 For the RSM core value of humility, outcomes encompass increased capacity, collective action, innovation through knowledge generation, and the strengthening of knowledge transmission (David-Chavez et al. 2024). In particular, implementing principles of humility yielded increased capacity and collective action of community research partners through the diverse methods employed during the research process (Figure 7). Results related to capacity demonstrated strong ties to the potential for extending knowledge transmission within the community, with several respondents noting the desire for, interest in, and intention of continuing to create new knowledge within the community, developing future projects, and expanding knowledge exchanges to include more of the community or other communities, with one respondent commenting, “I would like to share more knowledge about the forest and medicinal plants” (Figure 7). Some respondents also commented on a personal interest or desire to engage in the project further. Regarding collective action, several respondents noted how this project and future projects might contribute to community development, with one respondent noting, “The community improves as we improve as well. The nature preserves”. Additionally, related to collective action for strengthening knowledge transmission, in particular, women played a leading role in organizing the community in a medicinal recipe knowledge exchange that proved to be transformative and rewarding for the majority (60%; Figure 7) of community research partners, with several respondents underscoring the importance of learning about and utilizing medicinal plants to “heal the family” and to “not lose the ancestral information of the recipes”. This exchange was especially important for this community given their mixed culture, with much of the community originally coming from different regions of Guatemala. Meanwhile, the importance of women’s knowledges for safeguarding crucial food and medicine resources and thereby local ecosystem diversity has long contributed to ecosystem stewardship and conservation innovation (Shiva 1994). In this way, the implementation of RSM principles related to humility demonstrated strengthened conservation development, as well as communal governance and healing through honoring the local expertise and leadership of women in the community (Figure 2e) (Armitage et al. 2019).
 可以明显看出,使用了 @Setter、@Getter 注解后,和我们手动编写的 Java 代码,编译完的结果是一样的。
################
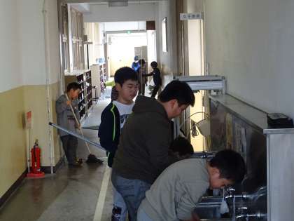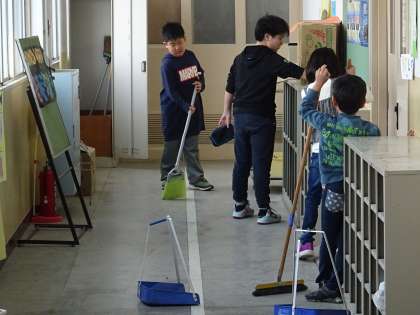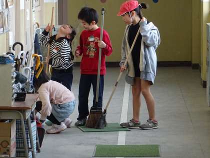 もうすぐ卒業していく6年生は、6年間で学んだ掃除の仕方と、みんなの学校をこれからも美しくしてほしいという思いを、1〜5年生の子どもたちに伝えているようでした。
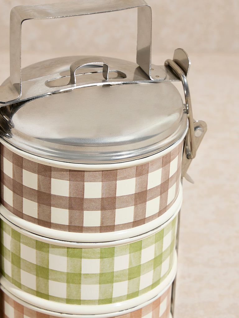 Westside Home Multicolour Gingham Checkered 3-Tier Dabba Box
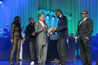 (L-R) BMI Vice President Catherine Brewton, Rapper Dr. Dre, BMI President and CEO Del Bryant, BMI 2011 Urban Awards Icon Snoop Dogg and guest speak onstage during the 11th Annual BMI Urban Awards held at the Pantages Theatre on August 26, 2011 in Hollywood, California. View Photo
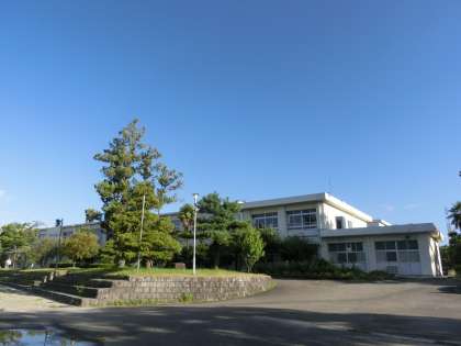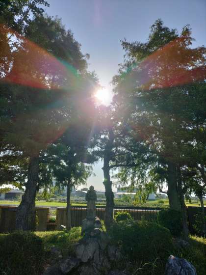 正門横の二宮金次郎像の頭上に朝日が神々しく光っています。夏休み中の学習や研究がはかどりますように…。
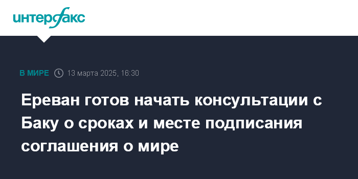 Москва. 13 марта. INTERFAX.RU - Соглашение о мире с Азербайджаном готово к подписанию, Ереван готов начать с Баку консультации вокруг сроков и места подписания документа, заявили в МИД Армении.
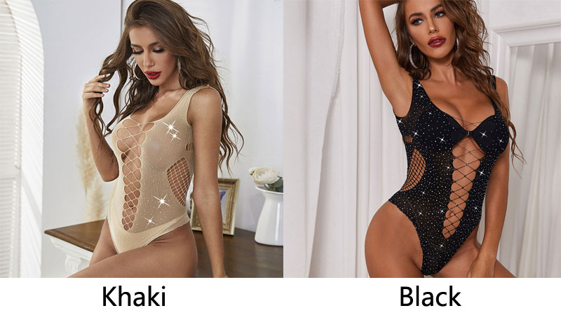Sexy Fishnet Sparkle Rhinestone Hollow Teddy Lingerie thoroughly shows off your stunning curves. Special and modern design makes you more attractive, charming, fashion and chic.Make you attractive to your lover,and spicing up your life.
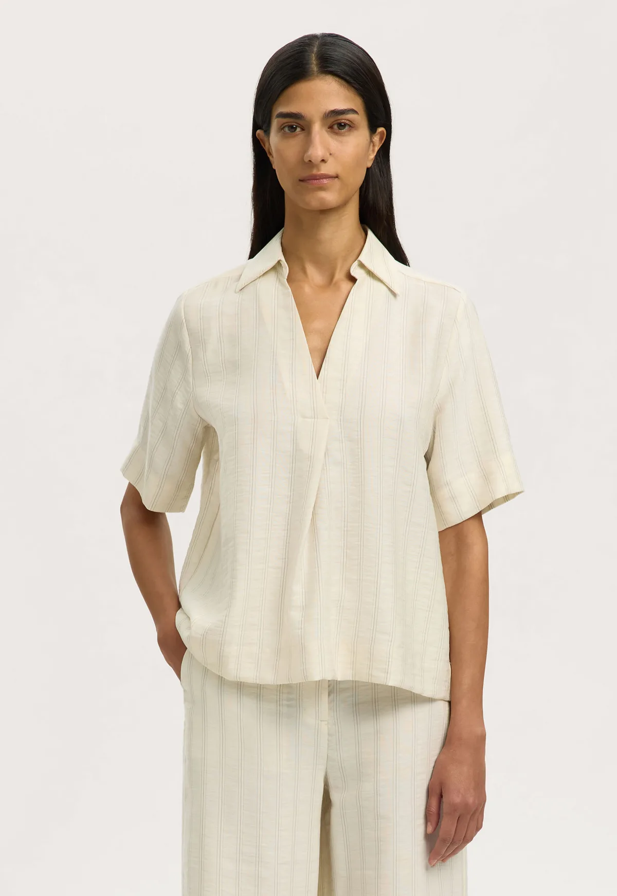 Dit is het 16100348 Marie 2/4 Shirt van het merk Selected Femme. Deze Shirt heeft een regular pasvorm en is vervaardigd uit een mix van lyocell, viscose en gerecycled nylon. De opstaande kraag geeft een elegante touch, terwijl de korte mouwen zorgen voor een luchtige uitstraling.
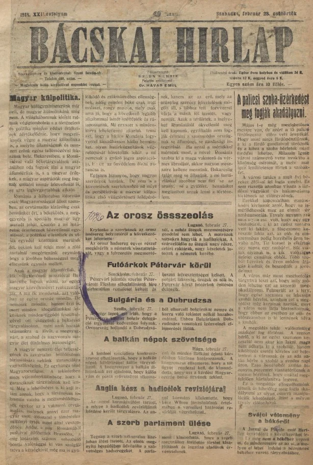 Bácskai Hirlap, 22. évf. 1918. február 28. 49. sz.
################
* **WHAT IS EXPECTED**: The lines above starting at the one that holds "正門横の二宮金次郎像の頭上に" and ending at the one that holds "Bácskai Hirlap, 22." are to be written out exactly, ends included, and no pictures are to be copied.

* **COMPLETED EXERCISE**:
 正門横の二宮金次郎像の頭上に朝日が神々しく光っています。夏休み中の学習や研究がはかどりますように…。
 Москва. 13 марта. INTERFAX.RU - Соглашение о мире с Азербайджаном готово к подписанию, Ереван готов начать с Баку консультации вокруг сроков и места подписания документа, заявили в МИД Армении.
Sexy Fishnet Sparkle Rhinestone Hollow Teddy Lingerie thoroughly shows off your stunning curves. Special and modern design makes you more attractive, charming, fashion and chic.Make you attractive to your lover,and spicing up your life.
 Dit is het 16100348 Marie 2/4 Shirt van het merk Selected Femme. Deze Shirt heeft een regular pasvorm en is vervaardigd uit een mix van lyocell, viscose en gerecycled nylon. De opstaande kraag geeft een elegante touch, terwijl de korte mouwen zorgen voor een luchtige uitstraling.
 Bácskai Hirlap, 22. évf. 1918. február 28. 49. sz.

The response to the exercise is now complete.